Could you retype, exactly and with no pictures, only the lines from the first line of the records below through the line that contains "indian desi bhabhi"?
····················
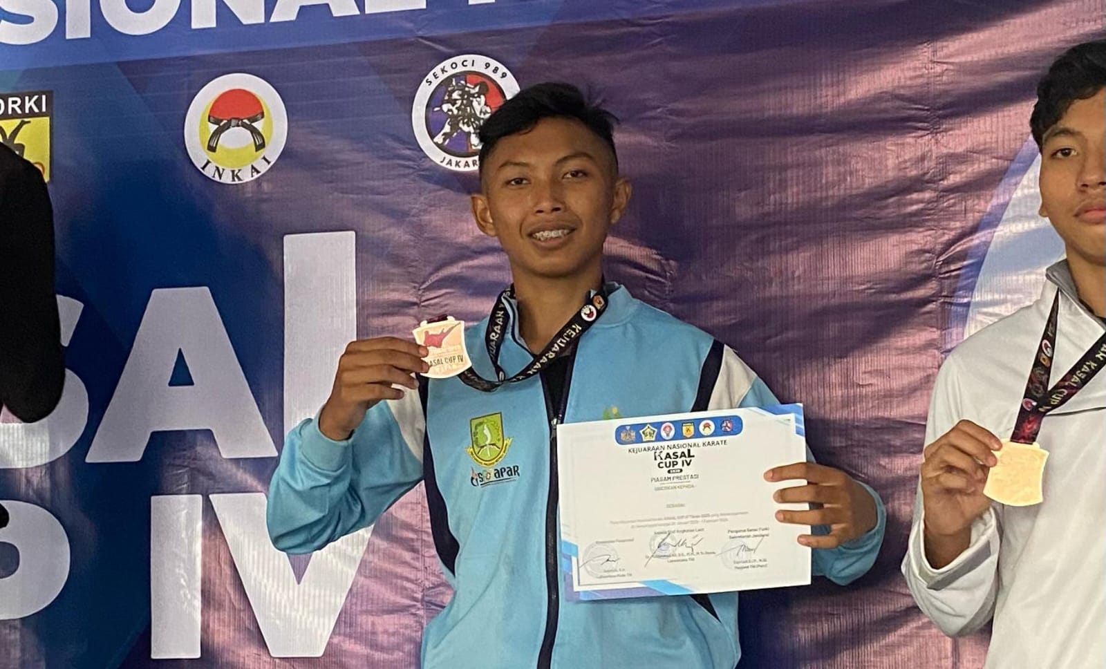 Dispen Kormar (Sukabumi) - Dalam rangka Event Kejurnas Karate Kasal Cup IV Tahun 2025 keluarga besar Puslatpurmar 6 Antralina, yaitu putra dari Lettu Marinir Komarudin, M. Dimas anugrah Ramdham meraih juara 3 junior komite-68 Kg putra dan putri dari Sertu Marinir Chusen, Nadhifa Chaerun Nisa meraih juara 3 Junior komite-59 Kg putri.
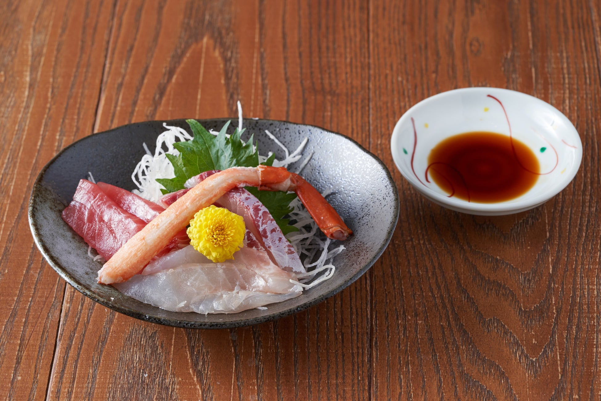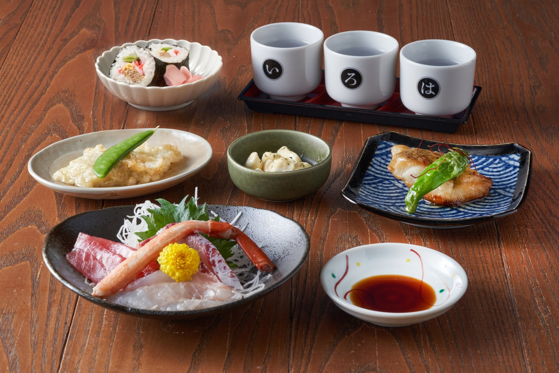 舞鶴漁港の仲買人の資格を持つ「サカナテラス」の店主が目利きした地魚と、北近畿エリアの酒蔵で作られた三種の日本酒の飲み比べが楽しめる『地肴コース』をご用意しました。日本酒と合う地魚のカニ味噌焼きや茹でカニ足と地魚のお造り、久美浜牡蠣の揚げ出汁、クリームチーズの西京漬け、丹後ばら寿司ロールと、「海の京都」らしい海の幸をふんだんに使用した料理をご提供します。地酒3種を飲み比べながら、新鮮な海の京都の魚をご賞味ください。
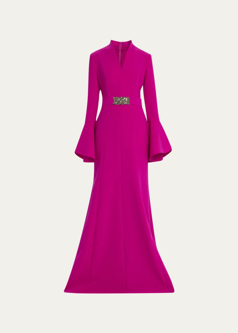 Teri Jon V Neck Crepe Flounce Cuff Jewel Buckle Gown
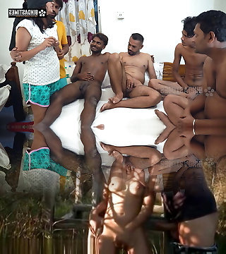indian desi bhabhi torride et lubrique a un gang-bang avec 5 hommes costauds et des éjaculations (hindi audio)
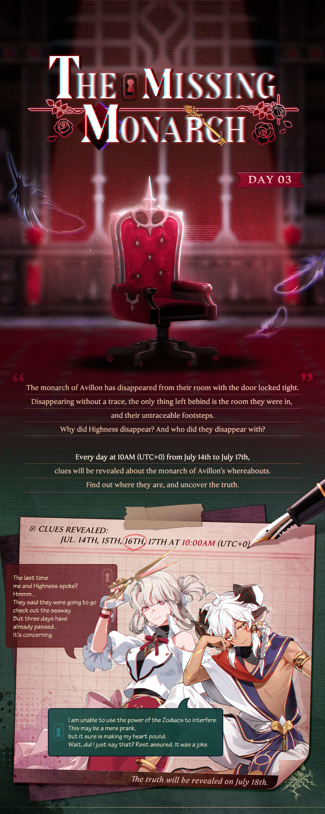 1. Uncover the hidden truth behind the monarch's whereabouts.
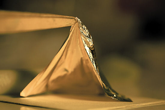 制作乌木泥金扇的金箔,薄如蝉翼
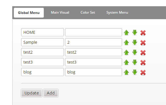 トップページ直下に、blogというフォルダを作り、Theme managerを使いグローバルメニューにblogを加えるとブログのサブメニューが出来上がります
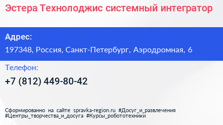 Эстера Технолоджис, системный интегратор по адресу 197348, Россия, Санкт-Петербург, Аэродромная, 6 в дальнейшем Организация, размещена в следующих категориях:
····················
# Solution below
 Dispen Kormar (Sukabumi) - Dalam rangka Event Kejurnas Karate Kasal Cup IV Tahun 2025 keluarga besar Puslatpurmar 6 Antralina, yaitu putra dari Lettu Marinir Komarudin, M. Dimas anugrah Ramdham meraih juara 3 junior komite-68 Kg putra dan putri dari Sertu Marinir Chusen, Nadhifa Chaerun Nisa meraih juara 3 Junior komite-59 Kg putri.
 舞鶴漁港の仲買人の資格を持つ「サカナテラス」の店主が目利きした地魚と、北近畿エリアの酒蔵で作られた三種の日本酒の飲み比べが楽しめる『地肴コース』をご用意しました。日本酒と合う地魚のカニ味噌焼きや茹でカニ足と地魚のお造り、久美浜牡蠣の揚げ出汁、クリームチーズの西京漬け、丹後ばら寿司ロールと、「海の京都」らしい海の幸をふんだんに使用した料理をご提供します。地酒3種を飲み比べながら、新鮮な海の京都の魚をご賞味ください。
 Teri Jon V Neck Crepe Flounce Cuff Jewel Buckle Gown
indian desi bhabhi torride et lubrique a un gang-bang avec 5 hommes costauds et des éjaculations (hindi audio)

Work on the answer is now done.